Introduction:
We all know that Plato was an great philosopher during the Classical period in Ancient Greece, and he is famous for “Republic”, and Plato also founded the Academy. Plato also has his own unique understanding of Aesthetics. In this following paper I will introduce with: “What did Plato say about Beauty? ” “Does Plato think Beauty is objective or subjective?”
According to Plato, Beauty was an idea or Form of which beautiful things were consequence. By comparison, beauty begins in the realm of comprehensible objects, because beauty has a form. He thought that all the beautiful things have in common. Plato argues that we also have a general idea of beauty itself, that we can recognize the beauty of a person or a painting only because we have this abstract idea of beauty. This form of beauty itself is invisible, eternal, unchanging, unlike the tangible world where things grow old and lose their beauty. That is to say, people will grow old and then become ugly, but the beauty in our mind, this is not an object, so it is always beautiful in spirit.
Symposium:
In Plato’s “Symposium” , it depicts a friendly contest of extemporaneous speeches given by a group of notable men attending a banquet. Beauty is associated with responses to love and desire, but beauty itself is positioned in the domain of the forms and the beauty of certain objects participating in the forms. Sometimes the distinctive of beauty shows the good side or the good consequences, and Plato think even its identity with “the good”. In Plato´s Symposium, it mentioned about Beauty Theory: “Beautiful is an objective quality which is more or less intensified in and exemplified by beautiful or less beautiful objects respectively. Beauty itself exists independently of the object’s relationship to a perceiver or of its being a means to some end.”
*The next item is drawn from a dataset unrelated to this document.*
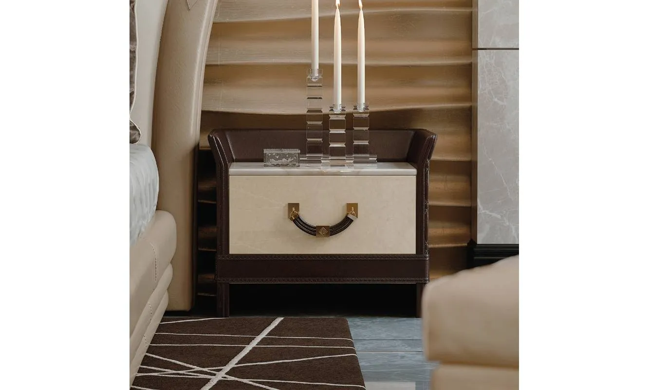 Прикроватная тумбочка со структурой из дерева. Частично обита кожей. Возможен заказ изделия с мраморной столешницей и другие варианты отделки и обивки.

Plato points out that in a set of beautiful things it is not just the man and the body that are beautiful. Aesthetics is not only a philosophy of beauty, but also a philosophy teaching or art theory. This is the modern understanding and understanding of aesthetic objects. In Plato’s philosophy, the question is raised in a completely different way. His aesthetics, at least, are a philosophy of art. There is no opposition between the transcendental nature of Plato’s idealism and the concept of the real phenomenon (but beyond the limits of all the senses). Truly great art appreciation, in principle, is rooted in the sensuous nature of the world. Furthermore, these features preclude the idea that the object of aesthetics is art. Plato’s aesthetics is the mythological ontology of beauty, that is, the theory of the existence of beauty, rather than the philosophy of art. Because of Plato’s original place of teaching, its beautiful expression transcends the boundaries of art and places it within the realm of the existence of the world.
Subjective and Objective
Beauty is internal, independent of things. It becomes a beauty by sharing the existence of beauty.A beautiful thing is internal and external. Its beauty has nothing to do with the perceiver, and its beauty or ugly has nothing to do with personal evaluation. So, Is beauty subjective or objective?
Plato regarded beauty as objective in the sense that it was not localized in the response of the beholder. He thought beauty is objective, it is not about the experience of the observer. The world of Forms is “ideal” rather than material; Forms, and beauty, are non-physical ideas for Plato. He think that it is a feature of the “object,” and not something in the mind of the beholder.
Compare to some Subjectivist views, many other philosopher, such as Immanuel Kant, David Hume. They thought that was aware that subjective judgments of taste in art engender debates that do actually lead to agreement on questions of beauty.